Correctly diagnosing these cardiac conditions during pregnancy can help doctors and parents alike make the most informed decisions and plan ahead.

However, the tools now used most often to reveal the overall anatomic details of cardiac malpositions — obstetrical ultrasound and fetal echocardiography — often don’t give a full picture. A clear view of the fetus can be obscured by the position of the fetus, insufficient amniotic fluid, or even a mother’s body habitus. Imaging techniques sometimes also have a hard time distinguishing between liver, bowel, and lung because the echogenicity of these tissues — the signature that sound waves make as they bounce back from their targets — is so similar.

“To be able to offer parents the best and most comprehensive counseling, and to begin planning for the type of intensive and multidisciplinary care that many of these babies will require, we need to have access to as much information as we can about each baby, not only relating to the heart but all the other organs as well,” says Mary T. Donofrio, M.D., a pediatric cardiologist who directs the Children’s National Health System Fetal Heart Program and Critical Care Delivery Program. “Unfortunately in some instances, obstetrical ultrasound and fetal echocardiography, the two diagnostic tools used most often in these cases, can be limited in what they tell us.”

What fetal MRI can show

An underutilized technique that gathers more details about the associated abnormalities that often accompany cardiac malposition during pregnancy is fetal magnetic resonance imaging, or fetal MRI, says Dr. Donofrio. Even though this technique is widely used to diagnose other fetal conditions, such as brain anomalies, it’s rarely used to better define the overall anatomy in cardiac malposition.

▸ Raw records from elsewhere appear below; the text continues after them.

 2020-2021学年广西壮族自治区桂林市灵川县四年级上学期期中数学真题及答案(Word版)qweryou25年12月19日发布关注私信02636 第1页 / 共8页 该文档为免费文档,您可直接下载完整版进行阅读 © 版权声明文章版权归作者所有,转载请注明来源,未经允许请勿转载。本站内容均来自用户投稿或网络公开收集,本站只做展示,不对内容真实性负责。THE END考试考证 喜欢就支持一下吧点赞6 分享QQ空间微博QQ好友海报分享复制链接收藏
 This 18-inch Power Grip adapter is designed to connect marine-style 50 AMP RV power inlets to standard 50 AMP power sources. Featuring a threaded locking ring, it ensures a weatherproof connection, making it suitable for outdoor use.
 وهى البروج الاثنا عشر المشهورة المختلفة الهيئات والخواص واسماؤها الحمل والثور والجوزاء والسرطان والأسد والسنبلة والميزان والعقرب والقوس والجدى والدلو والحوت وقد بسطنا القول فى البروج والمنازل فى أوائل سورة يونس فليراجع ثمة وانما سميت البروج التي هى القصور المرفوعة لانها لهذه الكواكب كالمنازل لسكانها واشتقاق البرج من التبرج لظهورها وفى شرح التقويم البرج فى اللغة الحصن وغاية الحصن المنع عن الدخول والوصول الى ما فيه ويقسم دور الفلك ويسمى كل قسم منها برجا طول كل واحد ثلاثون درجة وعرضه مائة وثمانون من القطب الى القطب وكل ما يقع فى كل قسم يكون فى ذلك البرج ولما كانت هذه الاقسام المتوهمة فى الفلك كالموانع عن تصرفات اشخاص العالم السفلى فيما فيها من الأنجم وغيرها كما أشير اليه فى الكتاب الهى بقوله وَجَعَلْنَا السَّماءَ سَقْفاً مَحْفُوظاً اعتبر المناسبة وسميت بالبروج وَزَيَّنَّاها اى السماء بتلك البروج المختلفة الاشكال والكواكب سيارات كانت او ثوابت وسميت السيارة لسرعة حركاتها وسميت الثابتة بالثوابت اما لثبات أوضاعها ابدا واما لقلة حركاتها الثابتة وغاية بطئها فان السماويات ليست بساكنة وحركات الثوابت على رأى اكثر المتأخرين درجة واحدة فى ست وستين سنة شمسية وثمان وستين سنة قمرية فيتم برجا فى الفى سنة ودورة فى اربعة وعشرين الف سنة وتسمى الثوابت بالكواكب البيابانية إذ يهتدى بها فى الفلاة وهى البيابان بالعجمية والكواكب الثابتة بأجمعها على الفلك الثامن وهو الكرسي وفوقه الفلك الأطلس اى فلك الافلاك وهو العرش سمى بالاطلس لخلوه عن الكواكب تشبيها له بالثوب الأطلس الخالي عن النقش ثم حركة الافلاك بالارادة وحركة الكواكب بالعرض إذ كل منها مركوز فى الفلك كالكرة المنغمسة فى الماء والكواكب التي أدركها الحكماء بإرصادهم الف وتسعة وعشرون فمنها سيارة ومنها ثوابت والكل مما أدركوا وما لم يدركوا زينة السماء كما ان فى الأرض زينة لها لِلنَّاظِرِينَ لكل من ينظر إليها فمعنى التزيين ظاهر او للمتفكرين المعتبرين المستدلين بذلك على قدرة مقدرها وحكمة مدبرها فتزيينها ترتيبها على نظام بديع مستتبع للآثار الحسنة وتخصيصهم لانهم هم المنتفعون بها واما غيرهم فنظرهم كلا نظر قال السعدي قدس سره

To determine whether fetal MRI is effective in complementing obstetrical ultrasound and fetal echocardiography, the current standard of care for this condition, Dr. Donofrio and colleagues took a retrospective look at all cases of cardiac malposition in which fetuses were evaluated using MRI between 2008 to 2013 at Children’s National. Their search turned up 42 cases.

Twenty-three cases had been diagnosed with obstetrical ultrasound and fetal echocardiography as having additional abnormalities beyond the heart’s changed position, and 19 had been given the diagnosis of heterotaxy syndrome. Each patient had been assigned to various known subtypes of these conditions, with some classified as having an unknown etiology for the findings.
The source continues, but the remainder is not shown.